REQUIRED ACTION =>
Would you repeat word for word the lines of the listing that follows, from the one with "This strapless maxi" up to and including the one with "As effects are", and leave out the images?

DATA TO PROCESS =>
------

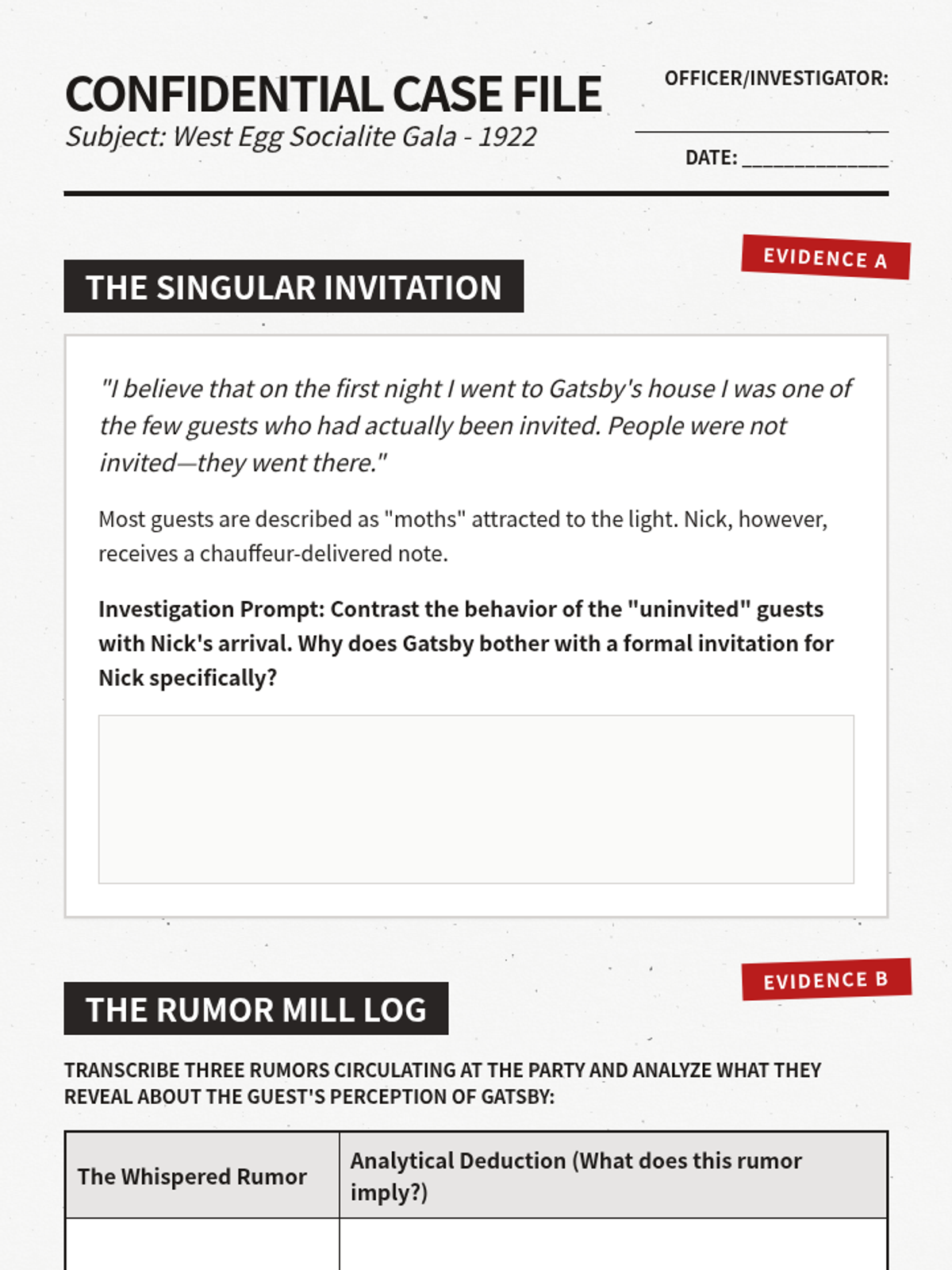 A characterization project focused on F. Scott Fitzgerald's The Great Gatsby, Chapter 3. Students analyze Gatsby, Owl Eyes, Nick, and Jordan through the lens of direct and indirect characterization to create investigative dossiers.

------

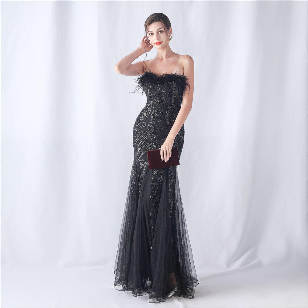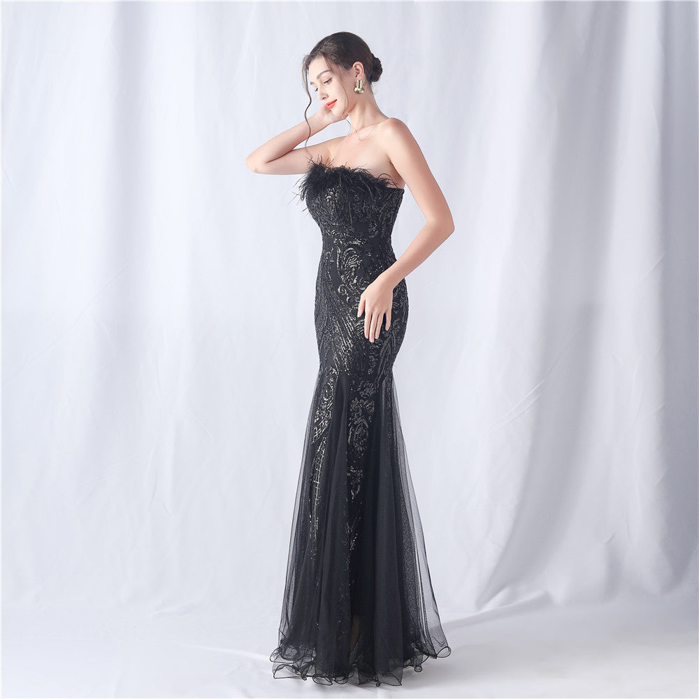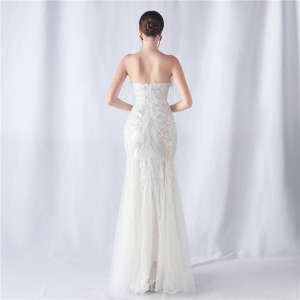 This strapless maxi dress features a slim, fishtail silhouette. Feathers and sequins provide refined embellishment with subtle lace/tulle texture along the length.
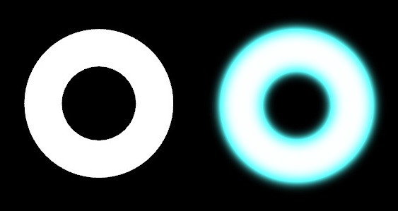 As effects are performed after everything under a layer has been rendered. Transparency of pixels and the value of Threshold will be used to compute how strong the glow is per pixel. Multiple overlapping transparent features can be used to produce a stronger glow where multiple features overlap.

------

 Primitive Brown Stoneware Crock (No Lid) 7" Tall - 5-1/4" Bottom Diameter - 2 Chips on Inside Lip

------

WORKED SOLUTION =>
 This strapless maxi dress features a slim, fishtail silhouette. Feathers and sequins provide refined embellishment with subtle lace/tulle texture along the length.
 As effects are performed after everything under a layer has been rendered. Transparency of pixels and the value of Threshold will be used to compute how strong the glow is per pixel. Multiple overlapping transparent features can be used to produce a stronger glow where multiple features overlap.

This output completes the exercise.